Om el hammám is a half-decayed and deserted village, built of clay, which is strongly incrusted with salt, the inhabitants at present living entirely in huts made of palm-branches. The plantation being intermixed with a large number of ethel-trees (Tamarix orientalis), and interspersed with gardens, exhibited a more varied aspect than is generally the case with these groves; and having pitched our tent near a large ethel-bush, we felt very comfortable, especially as we had the good luck to obtain a few eggs, which, fried with plenty of onions, made a very palatable supper.
Next morning we directed our course to Tigger-urtín, making almost a right angle towards the north, and crossing a desolate plain incrusted with salt, after we had left the fine plantation of Óm el hammám. Having reached the village of our camel-drivers, which consists entirely of huts of palm-branches, we looked long in vain for a tolerable camping-ground, as the strong wind filled the whole air with sand. At length we pitched our tents a few paces south from the well. It was an extremely sultry and oppressive day, and the wind anything but refreshing. In the afternoon we went to pay our compliments to Mohammed Bóro, who had left Múrzuk several days before us. He informed us that he had consumed all his provisions, and that he would have left to-day for Tasáwa, in order to replenish his stores, if he had not seen us coming. We consoled him with the intimation that we hoped our whole party would be soon ready for starting, and sent him a quantity of dates and corn. The next day I went roving through the valley, which a little further to the north-west was much prettier, and had several fine clusters of palm-trees; but the most picturesque object was the old village, built of clay, now entirely in decay, but surrounded by a dense group of fine date-trees. Subjoined is a sketch of it.

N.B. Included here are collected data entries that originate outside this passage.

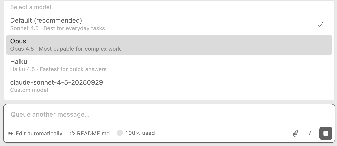 - tip) 복잡한 로직을 물어볼땐 Opus를 사용하고 구현같은 것을 할땐 claude-sonnet-4-5 같은 것 사용 추천
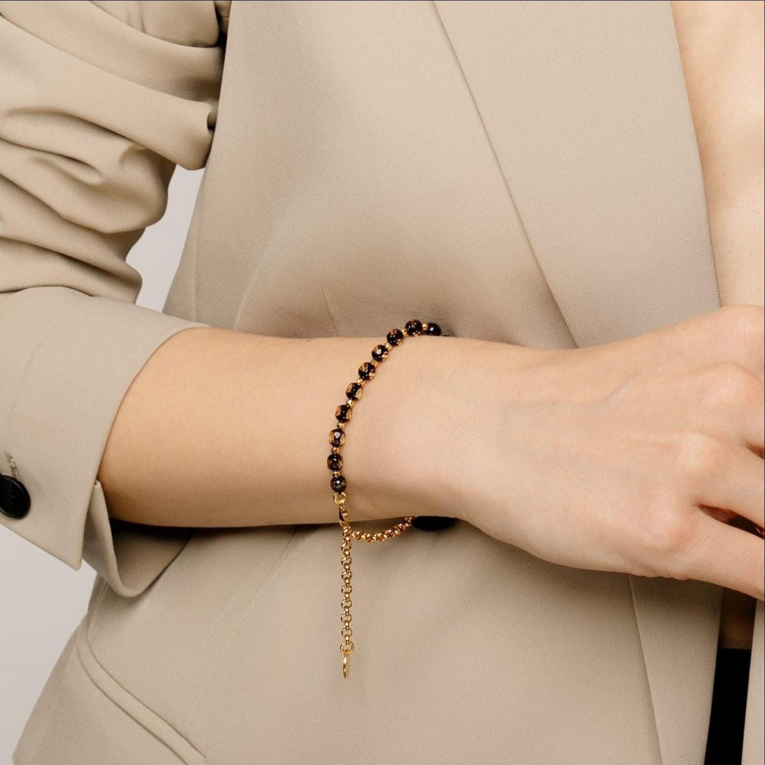 BLISS faceted amber bracelet effortlessly pairs with various outfits and complements your other jewelry pieces. Its comfortable design ensures that you can enjoy wearing this amber crystal bracelet every day, and the adjustable size allows you to achieve the perfect level of looseness for your bracelet. Brightly polished faceted amber edges create a sparkling, multi-colored brilliance. One side of the amber may appear dark cherry, almost like black, while the other side can exhibit greenish or a transparent honey shade, adding a unique charm to this elegant bracelet.
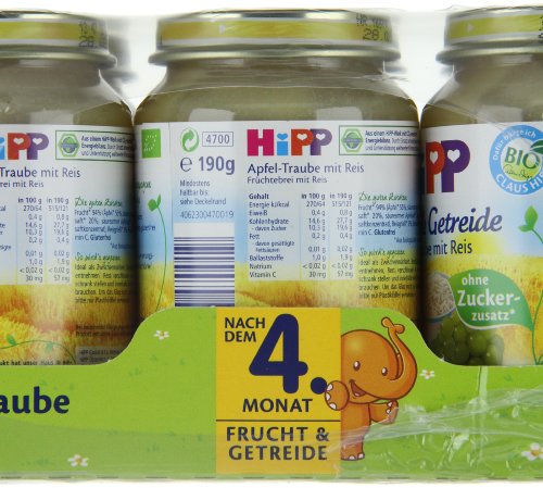 -. Title : Hipp Apfel-Traube mit Reis, 6-er Pack (6 x 190 g) - Bio
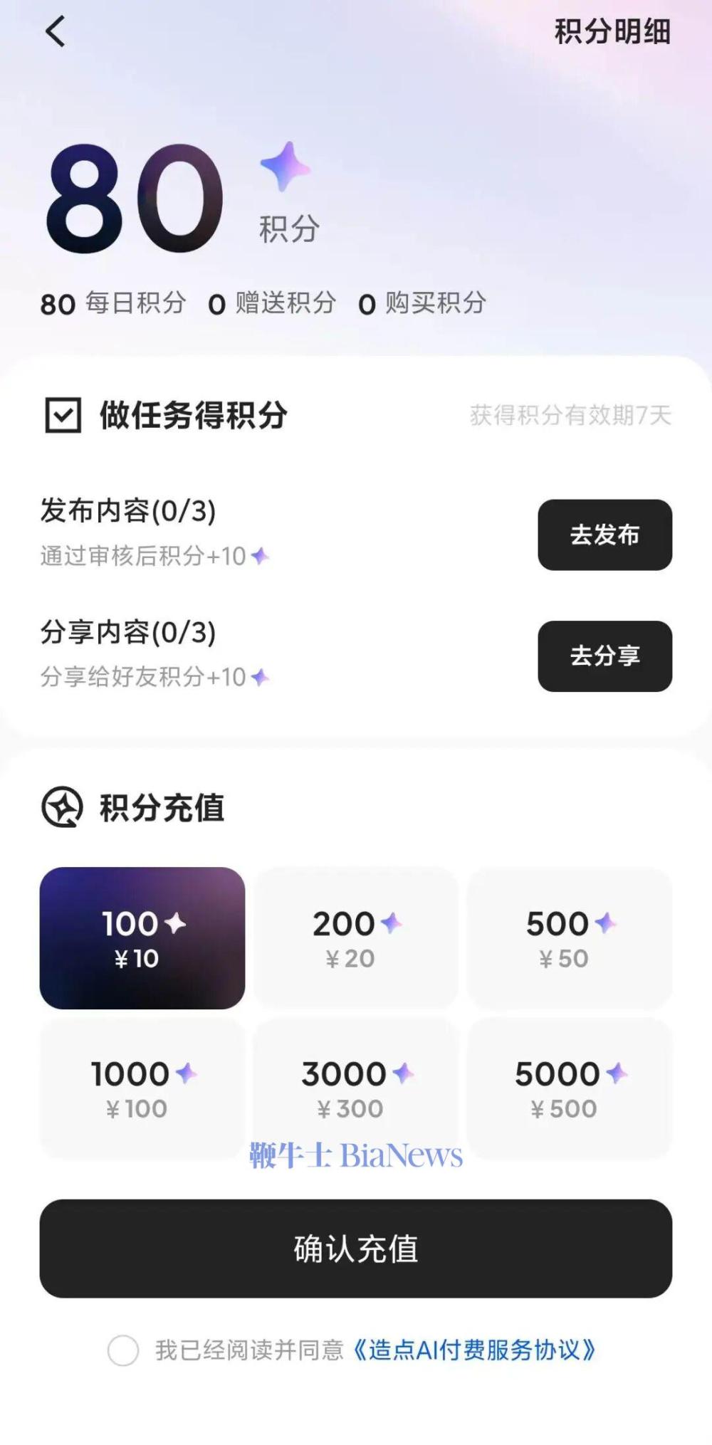 需要说明的是,通过造点AI每次生成一个视频需要支付10积分,积分可以通过任务获取,或者付费购买,10元可以购买100积分,以此类推。
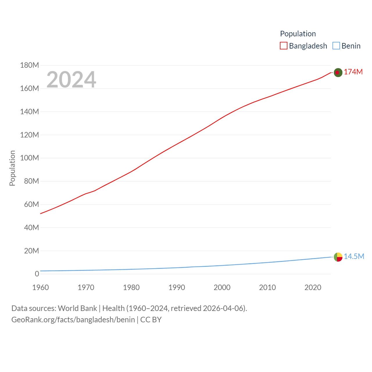 Bangladesh has a population of 174M (ranked 8/197), compared with 14.5M in Benin (ranked 76/197). Bangladesh's land area is 50,186 sq mi versus 43,537 sq mi for Benin (ranked 94th vs. 99th).
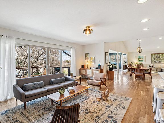 City West Real Estate is proud to bring to market 7 Rangeview Circle, an updated 3,000 square foot residence in the much sought after Paramount Heights neighborhood. This custom 1967 home has been updated throughout yet still maintains its mid century charm. Upon entering you'll step into an expansive great room that includes the living room, dining room, kitchen, den, and sunroom. From anywhere in this almost 50 foot wide space you'll be treated to breathtaking views. Down the hallway you'll find the nicely sized guest bedroom with two closets and its own access to the hall bath. At the end of the hall, the primary suite features a walk in closet, a 3/4 bath with Italian quartz tile, and a custom vanity with solid walnut drawer fronts. Head downstairs to the walk out basement and you'll find the spacious laundry room, 2 more bedrooms, and a recently completed theatre room. Other standout features include custom mahogany kitchen cabinetry, vaulted ceilings, workout room, South facing driveway, white oak flooring, and an oversized and heated two car garage with a dedicated EV charging circuit. The Paramount Heights enclave is known for its mid century vibes, large lots, and great views. This home is situated in a prime location within the neighborhood, far away from the noise of Kipling, and is located in a large, secluded cul-de-sac. Perhaps best of all, you have a creek in your back yard. Any time spent on either of the decks will reward you with views of the local wildlife: ducks, deer, foxes, owls, and hawks are common visitors. Don't miss this opportunity to live in one of the best spots in all of Wheat Ridge.
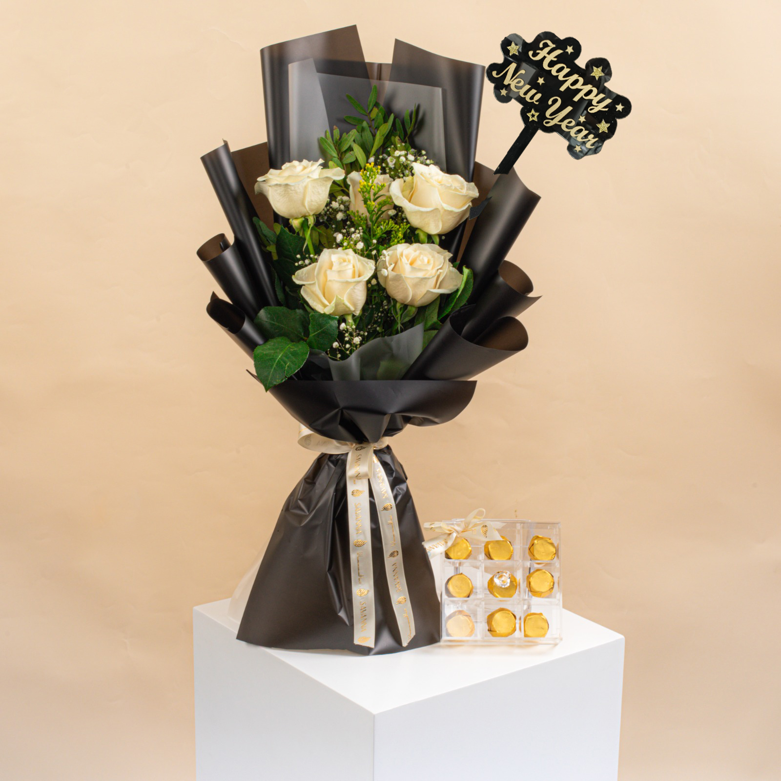 Indulge in elegance with our White Roses Hand Bouquet paired with 9 premium chocolates and our exclusive Coffee Kindry Biscuit. Delight in the delicate blend of pink rose, white rose, eucalyptus, gypso, and solidago—perfectly crafted for gifting or self-pampering. A luxurious harmony of flavor and floral beauty.
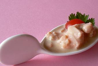 Ingrédients (20 cuillères apéro) : 200 g de pavé de saumon frais - 10 cl de lait de coco - 1 tige de citronnelle - le jus d'un citron vert - 1 cuillère à thé de sambal oelek - 1 cube de gingembre frais - 1 cuillère à soupe de sauce soja - Sel - Poivre
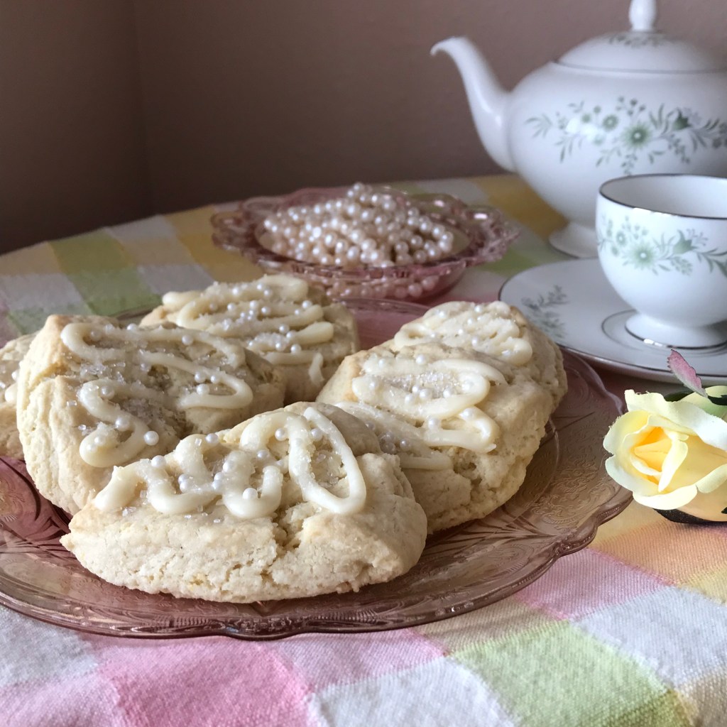 I decorated my scones with lemon drizzle, adding sparkly sugar and edible pearls. Lemon is a refreshing flavor for springtime tea.
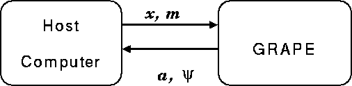 We have developed a series of special-purpose computers for N-body simulations, which we call GRAPE (GRAvity PipE). Figure 1 gives the basic idea. The host computer, which is usually a general-purpose workstation running UNIX, sends the positions and masses of particles to the GRAPE hardware. Then GRAPE hardware calculates the interaction between particles. What GRAPE hardware calculates is the right hand side of equation (1). When we use the Hermite scheme (Makino [Mak91]), the first time derivative of the force must also be calculated. Figure 2 shows the block diagram of the pipeline unit to calculate the force and its time derivative.
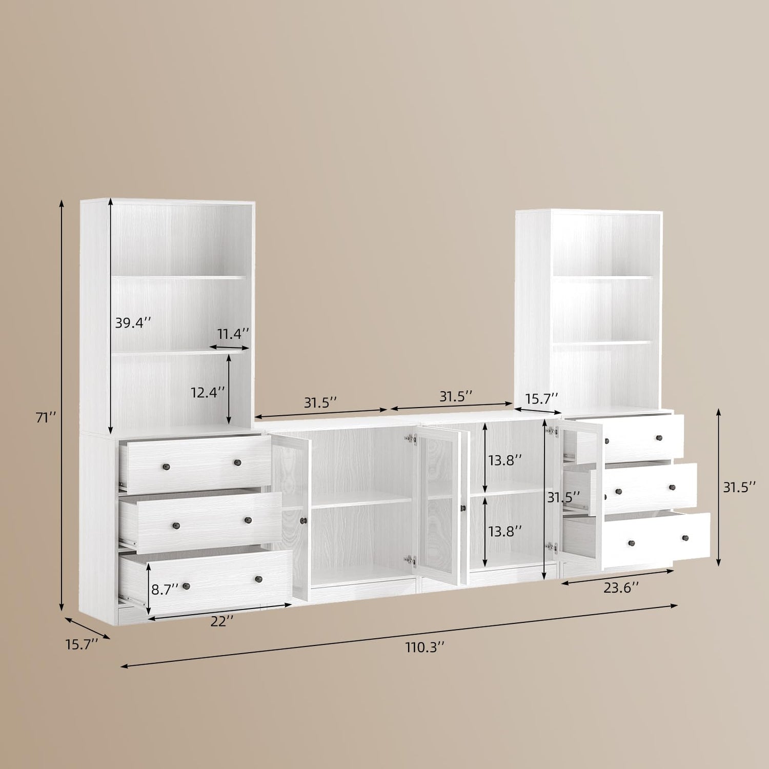 - [DIMENSIONS - FIT]: The TV console: 63”W x 15.7”D, overall dimensions of the entire unit: 110”W x 15.7”D x 71”H, NOTE: The entire unit will come in 4 boxes separately
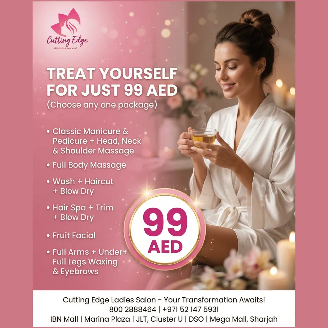 Treat yourself to premium beauty for less with your choice of any one elite package for just 99 AED.✨ Choose from a Full Body Massage, a Fruit Facial, or a Mani-Pedi combo with a head and neck massage. Prefer hair care? Opt for a Hair Spa, Trim, and Blow Dry or a fresh Wash and Haircut. Your transformation awaits at Cutting Edge Ladies Salon—click below to book your 99 AED✨ luxury treat.

At the south-west end of the grove also is a little village, likewise deserted. Here I met a Felláta or Pullo slave, a full-grown man, who, when a young lad, had been carried away from his native home, somewhere about Kazaure, and since then had been moiling and toiling here in this half-deserted valley, which had become his second home. He told me that fever had driven away the old inhabitants of the village long ago, after which the Tinýlkum seem to have taken entire possession of it, though it is remarkable that its name seems rather to belong to the Berber language, its original form being Tigger-odén (ŏdē means the valley), which has been changed into the more general form Tigger-urtín. The whole valley, which makes a turn towards the south-west, is full of ethel-bush, and affords shelter to a number of doves. Groups of palm-trees are scattered about.